NestJS + Python FastAPI dual-service backend with PostgreSQL, BullMQ job queues, and Passport.js JWT auth. SSE streaming pipeline proxies real-time AI responses across 3 service boundaries. Stripe integration handles subscription billing.
Key Features
- NestJS + Python FastAPI dual-service architecture in pnpm monorepo
- PostgreSQL database with BullMQ job queues for async processing
- SSE streaming pipeline proxying real-time AI responses across 3 service boundaries
- Passport.js JWT authentication with refresh tokens
- Stripe subscription billing with webhook integration
- Railway deployment with Docker containers
Tech Stack
Backend
Infrastructure
AI
Frontend
Challenges & Solutions
Real-Time Streaming Across Services
Meal generation takes 10-30s through the AI pipeline. Users need immediate feedback, but the response crosses 3 service boundaries (Python → NestJS → Next.js).
SSE streaming pipeline where Python FastAPI streams tokens to NestJS, which proxies them to the Next.js frontend. Users see meals being generated in real-time.
Reliable AI Meal Generation
LLM outputs are non-deterministic — generated meals could have invalid nutritional data, duplicate recipes, or fail dietary constraints.

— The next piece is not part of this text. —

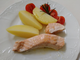 Opatrne vyberieme lososa na tanier. Pridáme varené zemiaky a prelejeme maslom z varenia lososa. Môžeme posypať čerstvou petržlenovou vňaťou.
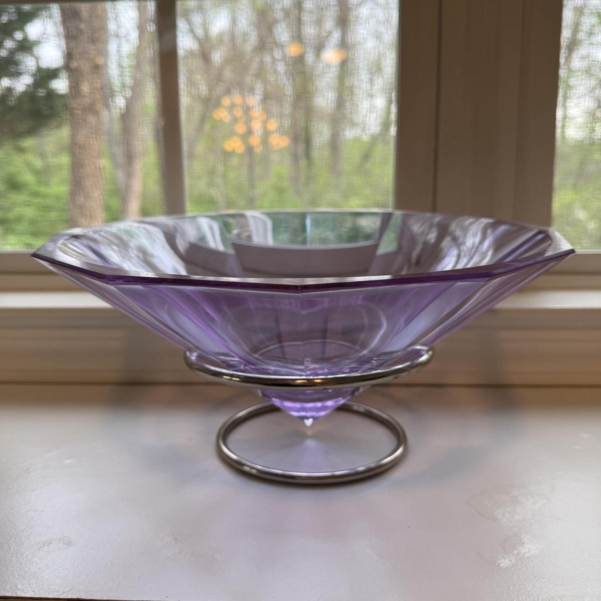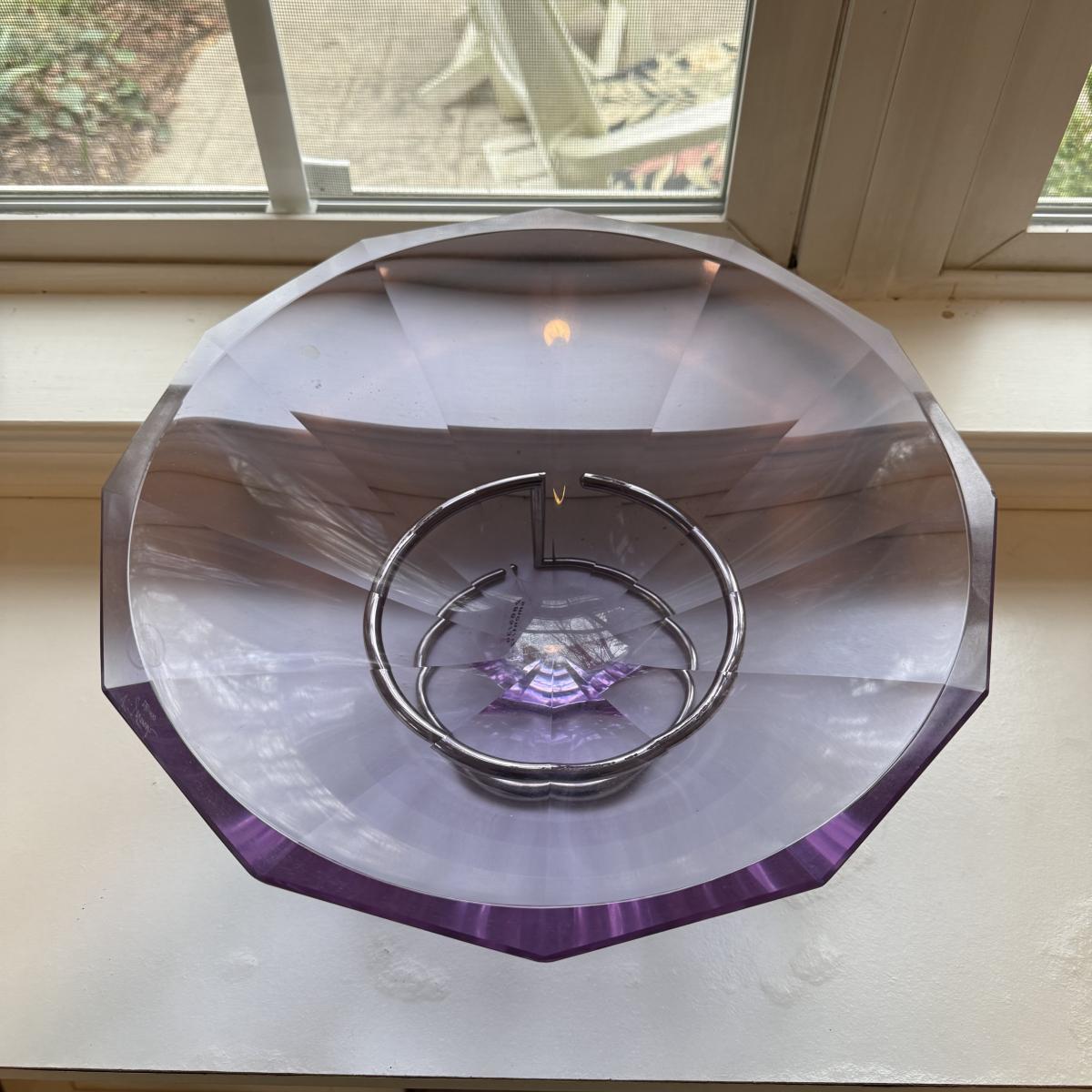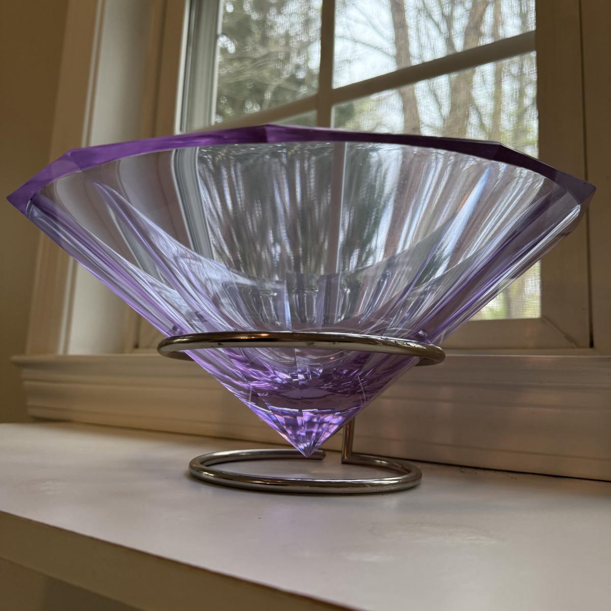 This lot contains a spectacular bowl that appears to be a limited edition Moser piece in the color alexandrite. This bowl has a diamond shape on its profile and has a 12.5”D. The stand is metal and measures 6.5”D x 3.5”H. Shipping available. Shipping can be costly. We suggest contacting our preferred local shipping provider, Postage Express, with dimensions and getting an estimate before bidding: (828) 255-9250 or shipping@postageexpressnc.com.

LangGraph StateGraph with dedicated nodes for generation, validation, and diversity enforcement. Each node validates structured output against schemas before passing to the next stage.
Recipe Retrieval Quality
Simple keyword search returned irrelevant recipes. Users with specific dietary needs (keto, vegan, allergen-free) got poor matches.
RAG pipeline with Qdrant vector DB for semantic recipe retrieval. USDA nutritional data validates macro targets. Retrieval quality improved significantly over keyword-based search.